> _SUPPLIED DATA_:
####
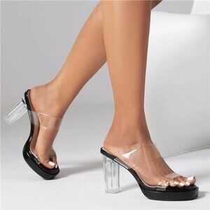 Women's Clear Heel Transparent Two Strap Chunky Block High Heel Slip on Sandals
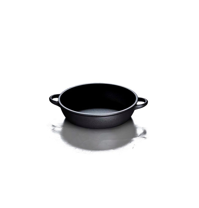 Porciones de pescado, arroz, guarnición, verduras, etc. El tamaño adecuado para servir directamente sobre la mesa utilizando el plato de basalto como posavasos. La sartén de 28 es ideal para servir juntos desde el centro de la mesa.
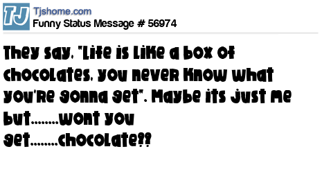 X says They say, "Life is like a box of chocolates, you never know what you're gonna get". Maybe its just me but........wont you get........chocolate??
####
Copy the listing exactly. No images belong in the copy.

 Women's Clear Heel Transparent Two Strap Chunky Block High Heel Slip on Sandals
 Porciones de pescado, arroz, guarnición, verduras, etc. El tamaño adecuado para servir directamente sobre la mesa utilizando el plato de basalto como posavasos. La sartén de 28 es ideal para servir juntos desde el centro de la mesa.
 X says They say, "Life is like a box of chocolates, you never know what you're gonna get". Maybe its just me but........wont you get........chocolate??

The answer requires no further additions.